# [Task description]
Give back every line of the material exactly. Skip the pictures.
::: Dataset content :::
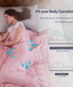 Topcee Weighted Blanket es una manta pesada diseñada para mejorar el sueño y brindar comodidad durante todo el año. Fabricada con material de microfibra suave y transpirable, esta manta proporciona una sensación de frescor en verano y calor transpirable en invierno. Las cuentas de vidrio no tóxicas y hipoalergénicas de alta calidad garantizan un peso uniformemente distribuido en toda la manta.
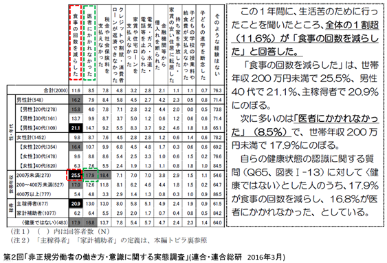 このように、正社員と非正規社員との賃金格差はかなり大きく、世帯主でも年収200万円未満といった人たちがかなり増えてきています。その結果、非正規の方は、生活苦のために、食事の回数を減らすとか、医者にかかれないといった状況に陥ってしまいます。このようなことが非常に大きな問題になっているというのが今の非正規の問題です。
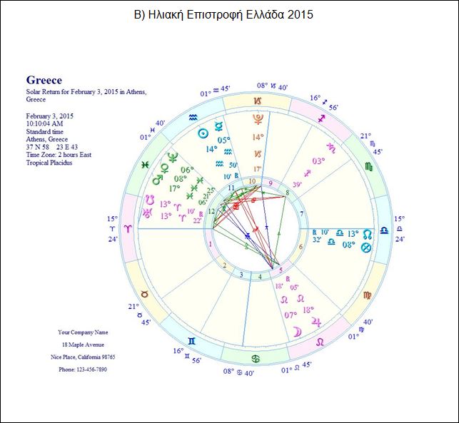– Eπόμενη Ηλιακή Επιστροφή σημείωση: Ωροσκόπος 22ο Καρκίνου σε τρίγωνο με γενέθλια Αφροδίτη = Μ/Δ Δία/Ουρανού και Ουρανού / Πλούτωνα natal. Σελήνη S.R. με κίνηση προς τα πίσω δείχνει ότι κατά τον Οκτώβριο έχει κλείσει τρίγωνο με MC S.R., ενώ το MC S.R. = Μ/Δ Δία/ Πλούτωνα natal και σχηματίζει σύνοδο με Πλούτωνα κι εξάγωνο Ουρανό natal Τα επόμενα γενέθλια της Ελλάδας (2016) βρίσκουν τη χώρα σε μια καλύτερη θέση ως προς τη σχέση με τους γείτονες, αλλά και ως προς την τύχη της αγοράς στο εσωτερικό. Πολλά δείχνουν να έχουν αλλάξει ριζικά, αλλά με τυχερό τρόπο που εμπνέει ελπίδα για μια πρώτη πορεία ουσιαστικής βελτίωσης. Τα οικονομικά της χώρας θα είναι σε πιο σταθερό μονοπάτι, ενώ πιθανότατα θα έχει αλλάξει ο τρόπος / το ύφος διακυβέρνησης, αλλά και η πηγή είτε ο τρόπος χρηματοδότησης και γενικότερης ροής του χρήματος. Μια τυχερή συμφωνία / εξέλιξη έχει φέρει σημαντικές αλλαγές ήδη από τον Οκτώβριο του 2015.
:::
# [Exercise solution]
 Topcee Weighted Blanket es una manta pesada diseñada para mejorar el sueño y brindar comodidad durante todo el año. Fabricada con material de microfibra suave y transpirable, esta manta proporciona una sensación de frescor en verano y calor transpirable en invierno. Las cuentas de vidrio no tóxicas y hipoalergénicas de alta calidad garantizan un peso uniformemente distribuido en toda la manta.
 このように、正社員と非正規社員との賃金格差はかなり大きく、世帯主でも年収200万円未満といった人たちがかなり増えてきています。その結果、非正規の方は、生活苦のために、食事の回数を減らすとか、医者にかかれないといった状況に陥ってしまいます。このようなことが非常に大きな問題になっているというのが今の非正規の問題です。
– Eπόμενη Ηλιακή Επιστροφή σημείωση: Ωροσκόπος 22ο Καρκίνου σε τρίγωνο με γενέθλια Αφροδίτη = Μ/Δ Δία/Ουρανού και Ουρανού / Πλούτωνα natal. Σελήνη S.R. με κίνηση προς τα πίσω δείχνει ότι κατά τον Οκτώβριο έχει κλείσει τρίγωνο με MC S.R., ενώ το MC S.R. = Μ/Δ Δία/ Πλούτωνα natal και σχηματίζει σύνοδο με Πλούτωνα κι εξάγωνο Ουρανό natal Τα επόμενα γενέθλια της Ελλάδας (2016) βρίσκουν τη χώρα σε μια καλύτερη θέση ως προς τη σχέση με τους γείτονες, αλλά και ως προς την τύχη της αγοράς στο εσωτερικό. Πολλά δείχνουν να έχουν αλλάξει ριζικά, αλλά με τυχερό τρόπο που εμπνέει ελπίδα για μια πρώτη πορεία ουσιαστικής βελτίωσης. Τα οικονομικά της χώρας θα είναι σε πιο σταθερό μονοπάτι, ενώ πιθανότατα θα έχει αλλάξει ο τρόπος / το ύφος διακυβέρνησης, αλλά και η πηγή είτε ο τρόπος χρηματοδότησης και γενικότερης ροής του χρήματος. Μια τυχερή συμφωνία / εξέλιξη έχει φέρει σημαντικές αλλαγές ήδη από τον Οκτώβριο του 2015.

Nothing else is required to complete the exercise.